■ **DATA EXTRACTS**
•••
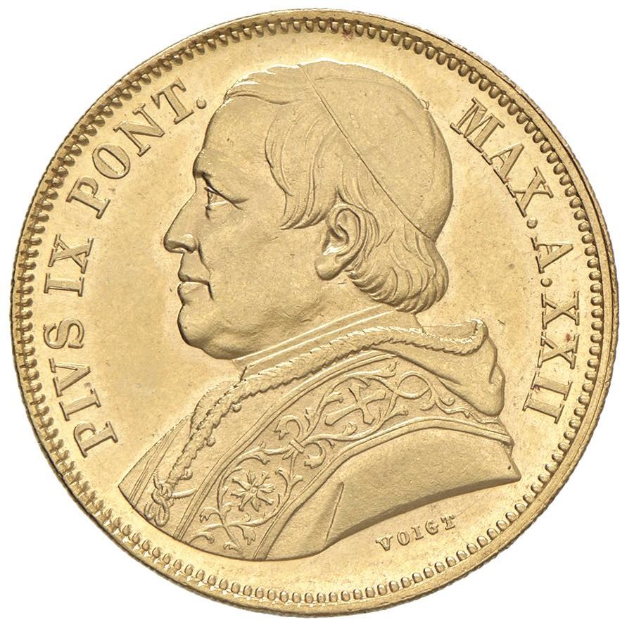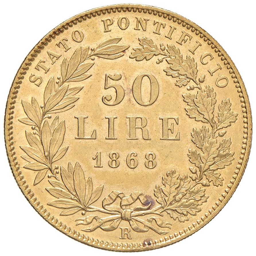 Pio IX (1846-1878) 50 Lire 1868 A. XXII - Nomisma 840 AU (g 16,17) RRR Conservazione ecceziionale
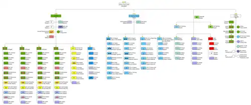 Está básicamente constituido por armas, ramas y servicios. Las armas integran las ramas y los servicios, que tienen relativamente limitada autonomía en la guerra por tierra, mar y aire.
•••
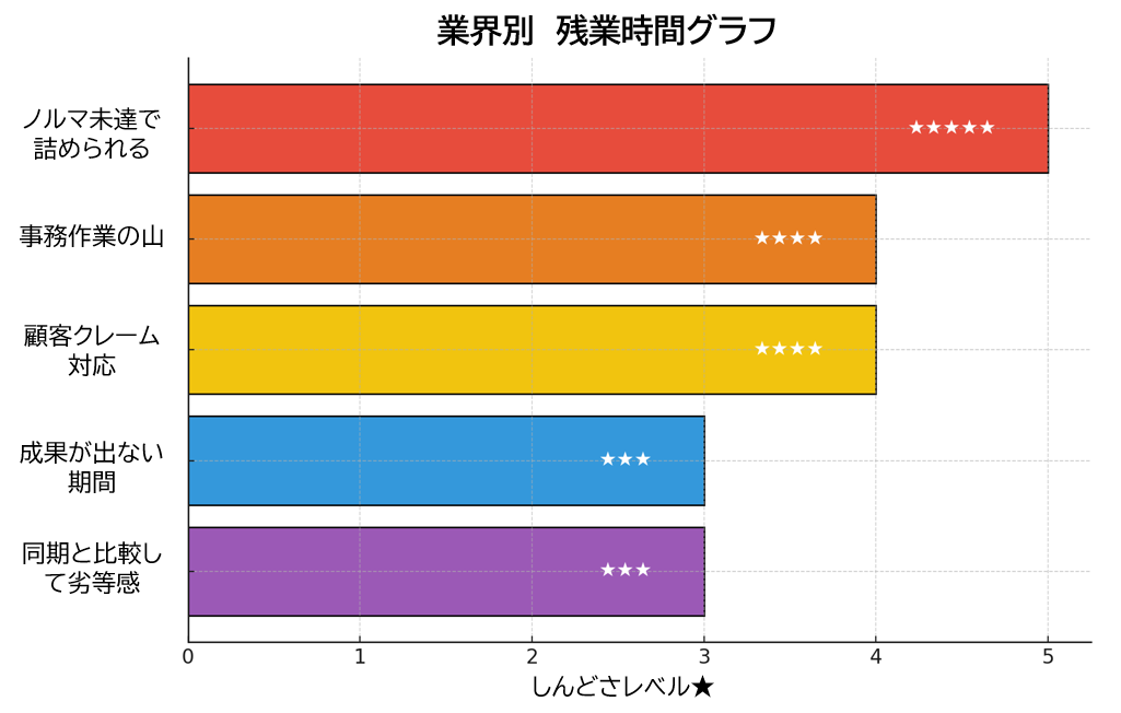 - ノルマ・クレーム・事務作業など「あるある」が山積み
•••
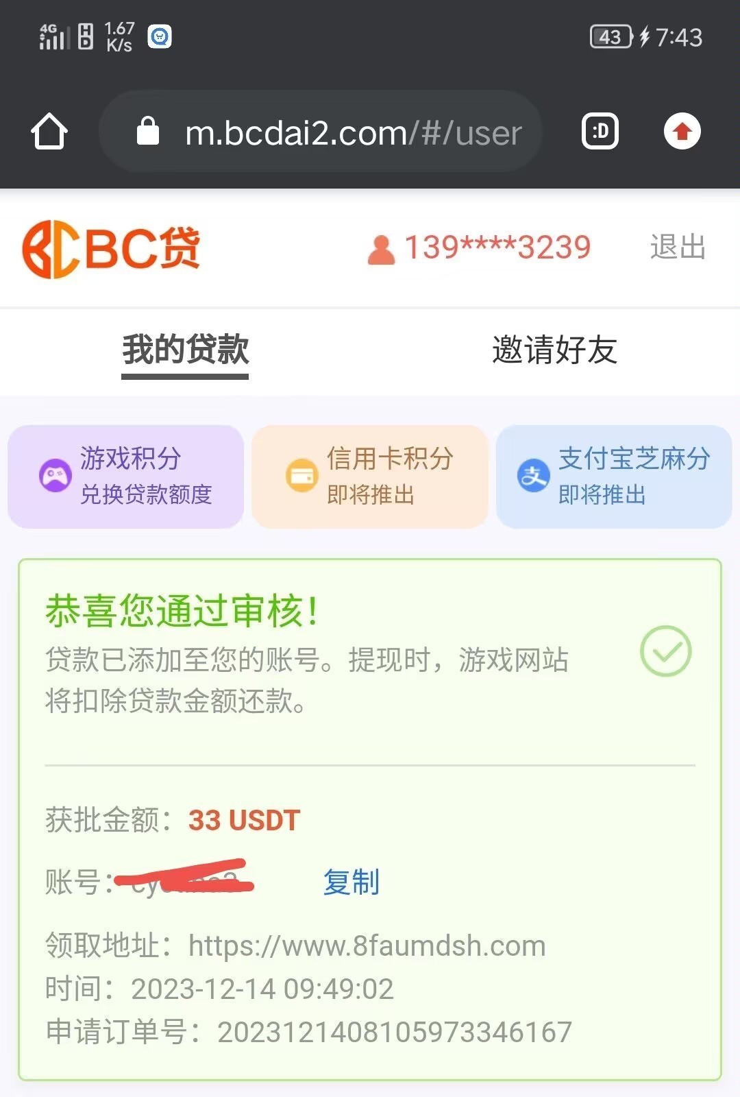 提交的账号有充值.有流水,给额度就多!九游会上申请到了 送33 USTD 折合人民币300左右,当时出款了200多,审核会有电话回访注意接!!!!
•••
■ **WHAT TO DO**
Write out exactly the lines above between the one with "Pio IX (1846-1878)" and the one with "Está básicamente constituido", inclusive, with pictures left out.

■ **SOLVED EXERCISE**
 Pio IX (1846-1878) 50 Lire 1868 A. XXII - Nomisma 840 AU (g 16,17) RRR Conservazione ecceziionale
 Está básicamente constituido por armas, ramas y servicios. Las armas integran las ramas y los servicios, que tienen relativamente limitada autonomía en la guerra por tierra, mar y aire.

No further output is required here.